Thirteen Sticks in the Snow

Dolan preaches a devil’s sermon. This starved man. This bone cage for black heart. Thirteen searchers circle him in the blizzard’s aftermath. Half his congregation is snowblind, pupils glare-blown wide. Their eyes twitch like the kick of animal nightmare. Months without a proper meal, food is their myth, their desperation.

“Listen close to this world we stumble through,” says Dolan, hand at his ear. “Wind rises from the void and disappears into nothing. All without design or purpose.”

Gusts carve the mountains and creak the trees. The men exhale steam-crackle. Their world is gray ceiling and white floor. Only snow-swirl and starvation exist between. The party shrivels with understanding. Lemuel, the boy, rattles inside his tattered coat.

“Without food we will die on this mountain,” continues Dolan. “How many of us have taken rifle-bead on a buck to see the body sharpen to boulder, the antlers to bush? How long will we suffer such cruel mirage before we too expire like the wind?”

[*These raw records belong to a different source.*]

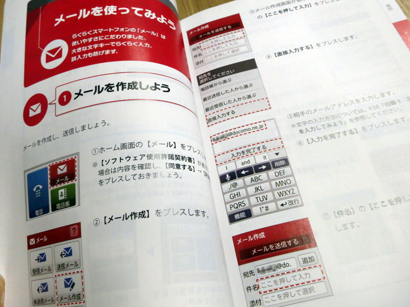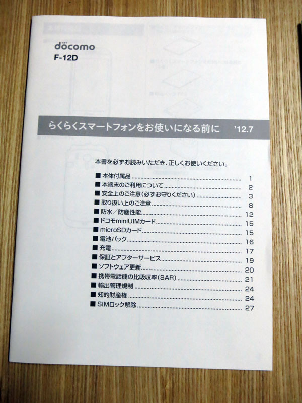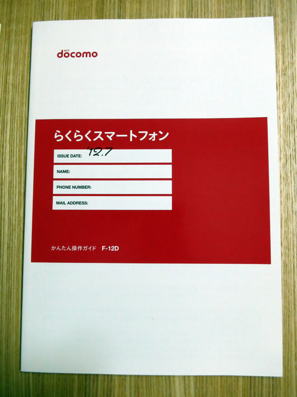 らくらくスマートフォン F-12Dを購入すると、取扱説明書より更に詳しく端末の使い方を説明した冊子を貰うことができます。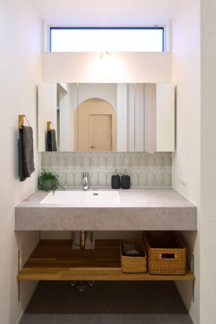 タイルの貼り方に拘った造作の洗面化粧台。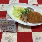 日替わりお楽しみランチかぼちゃコロッケ小松菜の煮浸しきんぴらごぼうご飯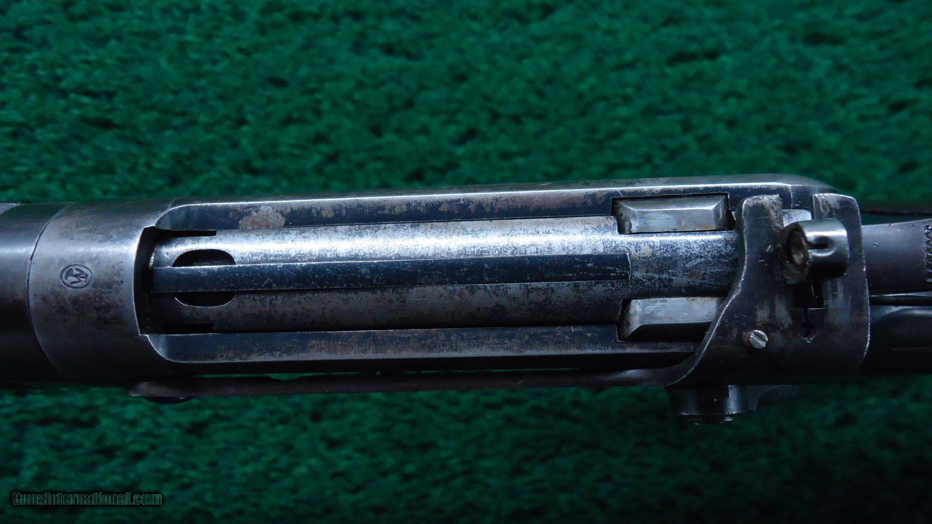 Description: Caliber 38-40. 24 inch round barrel and a rare takedown half length magazine tube. Excellent bore. Original Lyman front sight, 2-leaf flip up rear sight and Lyman 21 series receiver sight. Wood in very good plus condition with most original varnish and a rifle style buttplate. Barrel retains 90% original blue. Receiver has about 80-85% blue with the takedown ring mostly turned plum/brown color. Great sights and great configuration! Leroy Merz Antique Firearms specializes in antique and vintage Winchesters and other fine American firearms. Since 1965 Mr. Merz has taken part in the world of firearms and has been a contributor to many well known reference books. Just recently we mailed the 128th edition of our privately-published catalog. We have hundreds of additional guns in every price range at our home online. Search for Merz Antiques in google. SOLD Curio/Relic: Yes |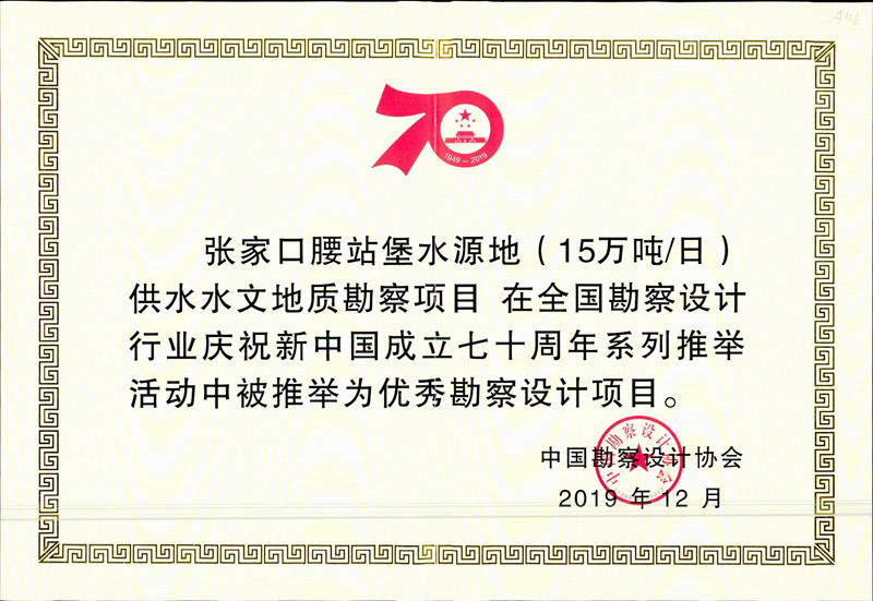 其中,我公司榮獲“優(yōu)秀勘察設(shè)計(jì)企業(yè)”榮譽(yù)稱號(hào),董事長(zhǎng)韓立君榮獲“優(yōu)秀企業(yè)家”稱號(hào),總工程師聶慶科榮獲“科技創(chuàng)新帶頭人”榮譽(yù)稱號(hào)。我公司完成的張家口腰站堡水源地(15萬(wàn)噸/日)供水水文地質(zhì)勘察項(xiàng)目、廣西信發(fā)鋁電有限公司年產(chǎn)160萬(wàn)噸氧化鋁赤泥堆場(chǎng)巖土工程勘察項(xiàng)目被推舉為優(yōu)秀勘察設(shè)計(jì)項(xiàng)目。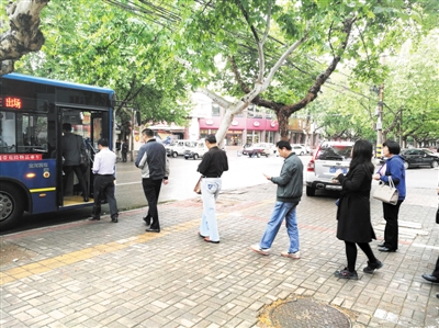 5月4日,记者在市中区振兴路市委家属院公交通勤站点看到,在没有栏杆,没有提示、监督的情况下,不少准备坐通勤公交前往新城上班的市民,在此自觉排队,依次乘车。 (记者 李靖 苏羽 摄)

Dolan’s words find purchase and lure the group closer. Hunger has softened them malleable. He will sculpt their future, their salvation and sacrifice. He scans the group. Snow flecks beard and brow. Veins river beneath translucent skin. Every second that came before has brought them to this moment. As an unplanted seed already holds the color of its blooms, Dolan has always existed to convince these men of what must follow.

“We require a volunteer,” says Dolan. “There must be a martyr among us whose sacrifice will feed the others.”

In the distance a bough snaps beneath the weight of snow. Three grown men lurch from the sound. The circle widens from Dolan. He must whisper them close again.

“We’re all afraid, lost in the freeze. You’re right to step away. It’s better we let God choose. We’ll hold a lottery. The chosen will go quickly. All the horrors of this world dispelled with the quick mercy of a bullet. It’s the survivors who must darken their knuckles with blood, witness spirit twisting from warm innards, and finally bear the abomination of human flesh in their bellies.”

It’s the exclusion of Lemuel from the lottery that finally convinces the last of the dissenters. The boy is sent far to burrow thirteen sticks in the snow. The shortest drawn will mark the sacrifice. Lemuel is efficient in his task. The dark sticks rise evenly from the ground. Branch shadow scissors black against white.

Lemuel crumples beneath his burden and slouches against a rock. He imagines the time before his terrible hunger, before he’d reckoned the measure of men. He remembers the warmth of his bed, the moon dangling heavy from the tree outside his window. He is far from the stilled air and the ice-crunch of Dolan’s footsteps. He doesn’t hear the cock of the revolver or the explosion that follows. He never sees the red mist that hangs stagnant before falling softly to speckle the snow, the boots of ravenous men.